Everything from the line containing "與此同時(shí),在大單品" to the last line of the material below must be retyped exactly, both ends included; skip the pictures.

__Data provided__.
● ● ●
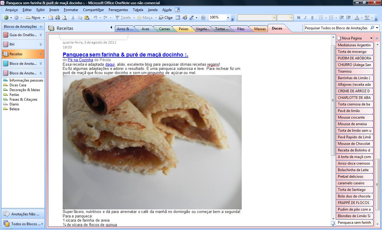 Depois que comecei a usar computador, comecei a colocar as receitas no OneNote do Windows, fica bem organizado, eu separava por categoria, era bem fácil de localizar, mas tinha um inconveniente: só dava para vê-lo no meu computador
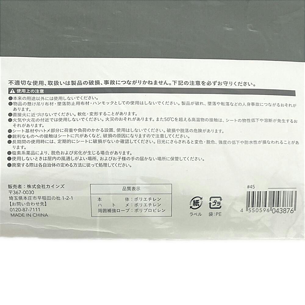 ●本来の用途以外に使用しないでください。●物品の懸け吊り布材や墜落防止用布材、あるいはハンモックとしての使用はしないでください。製品が破れ、墜落や転落などの人身事故につながる恐れがあります。
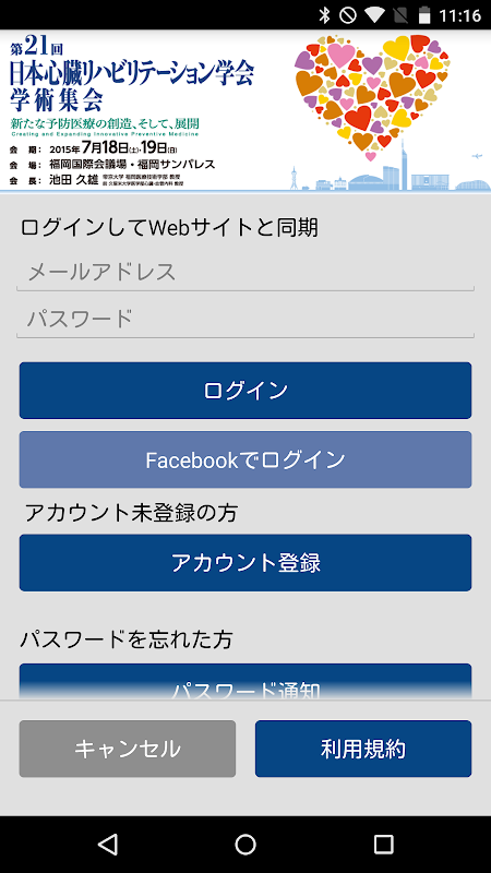 本アプリは、ログインすることでWebサイトとアプリでマイスケジュールを同期して便利にアプリをご利用いただけます。事前にPCで参加する講演を計画して、会期中はアプリを持って講演に参加してください。
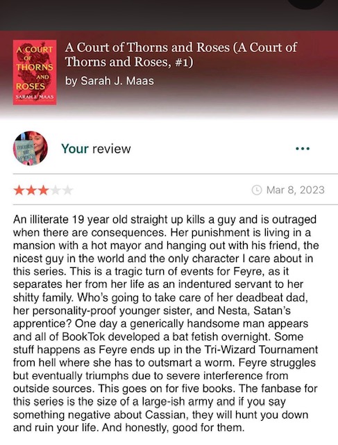 I saw this “review” of the ACOTAR series and it made me laugh out loud. It’s actually pretty accurate!
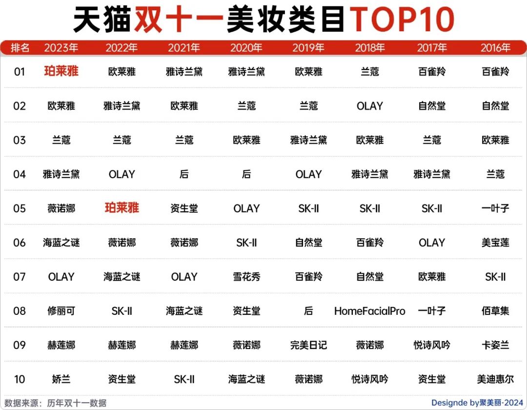 與此同時(shí),在大單品策略的推動(dòng)下,珀萊雅近年來(lái)的銷(xiāo)量迅速飆升,直到2023年雙11超越歐萊雅登頂天貓美妝品類(lèi)Top1,并于今年618再次登頂。
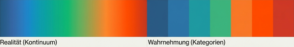 Die Realität ist ein unordentliches Kontinuum, aber unser Gehirn braucht scharfe, klare Kategorien, um sie zu verstehen. Dr. Dutton vergleicht unser Gehirn mit einem Rasenmäher, der auf einem weiten Feld aus Gras gerade Linien zieht. Die Realität ist das Feld, aber unser Verstand kann sie nur in Form der geraden, künstlichen Linien verarbeiten.
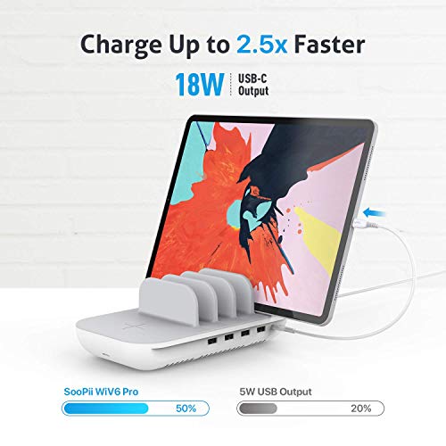 Specification: SooPii Premium 60W 5-Port Charging Station with 10W Wireless Charging Pad, 1 USB-C Port with 18W Power Delivery…
● ● ●
__Expected answer__.
 與此同時(shí),在大單品策略的推動(dòng)下,珀萊雅近年來(lái)的銷(xiāo)量迅速飆升,直到2023年雙11超越歐萊雅登頂天貓美妝品類(lèi)Top1,并于今年618再次登頂。
 Die Realität ist ein unordentliches Kontinuum, aber unser Gehirn braucht scharfe, klare Kategorien, um sie zu verstehen. Dr. Dutton vergleicht unser Gehirn mit einem Rasenmäher, der auf einem weiten Feld aus Gras gerade Linien zieht. Die Realität ist das Feld, aber unser Verstand kann sie nur in Form der geraden, künstlichen Linien verarbeiten.
 Specification: SooPii Premium 60W 5-Port Charging Station with 10W Wireless Charging Pad, 1 USB-C Port with 18W Power Delivery…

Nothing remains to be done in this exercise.